US federal law passed in 1935

The Guffey-Snyder Coal Act was a law, officially known as the Bituminous Coal Conservation Act of 1935, passed in the United States in 1935 under Franklin D. Roosevelt as part of his New Deal. It created the Bituminous Coal Commission to set the price of coal and end other unfair practices of competition. The law also created the Bituminous Coal Labor Board to regulate maximum work hours and minimum wage but was later ruled to be unconstitutional in Carter v. Carter Coal Co. because the Supreme Court did not find the law's labor provisions to qualify as interstate commerce and therefore considered its actions beyond the jurisdiction of the federal government.
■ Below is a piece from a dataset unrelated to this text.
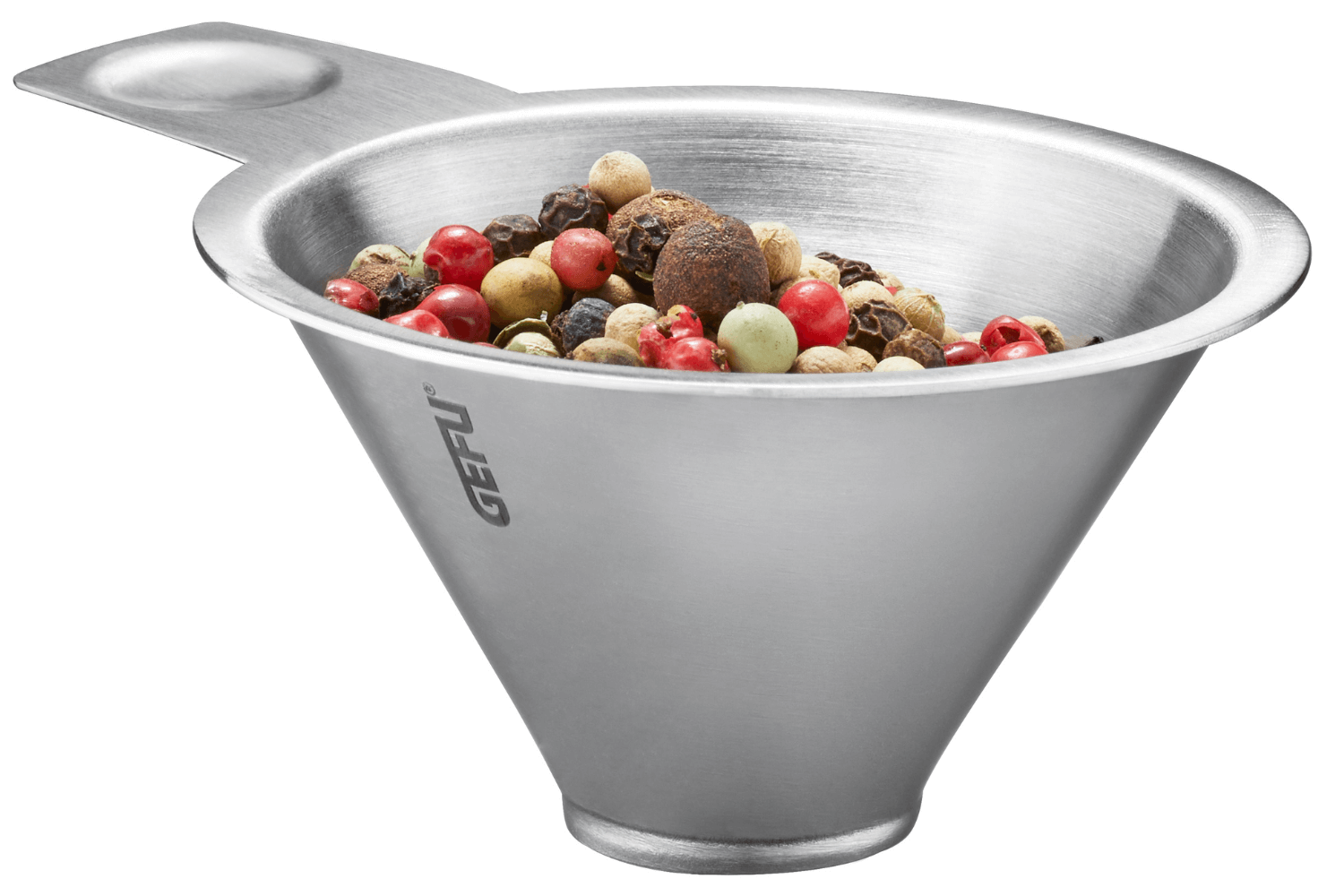 L'entonnoir à épices Gefu Condio est un petit accessoire de cuisine qui peut s'avérer très utile pour remplir vos moulins à épices, vos salières et poivrières, ainsi que vos bocaux à épices. Simple, propre et polyvalent, il est l'ustensile idéal pour une cuisine précise et sans tracas.

It was replaced in 1937 with the Guffey-Vinson Coal Act, officially known as the Bituminous Coal Conservation Act of 1937, which was not ruled unconstitutional. The act resurrected the Bituminous Coal Commission and reinstated the provisions regarding price fixing and the regulation of unfair practices but removed the labor provisions of the previous act. In 1939, the Bituminous Coal Commission was abolished, and its duties were transferred to the US Department of the Interior.

The Act increased profits, wages, and union membership, and reduced strikes. However, it faced opposition from businesses, Republicans and conservatives for too much government interference in business, many felt it was a socialist policy. Conservatives feared it would set a precedent for regulation to affect other industries and thus questioned if it was constitutional. Large consumers of coal also argued it would unreasonably increase prices, and operators from the south and west said it discriminated against low-wage and non-union mines.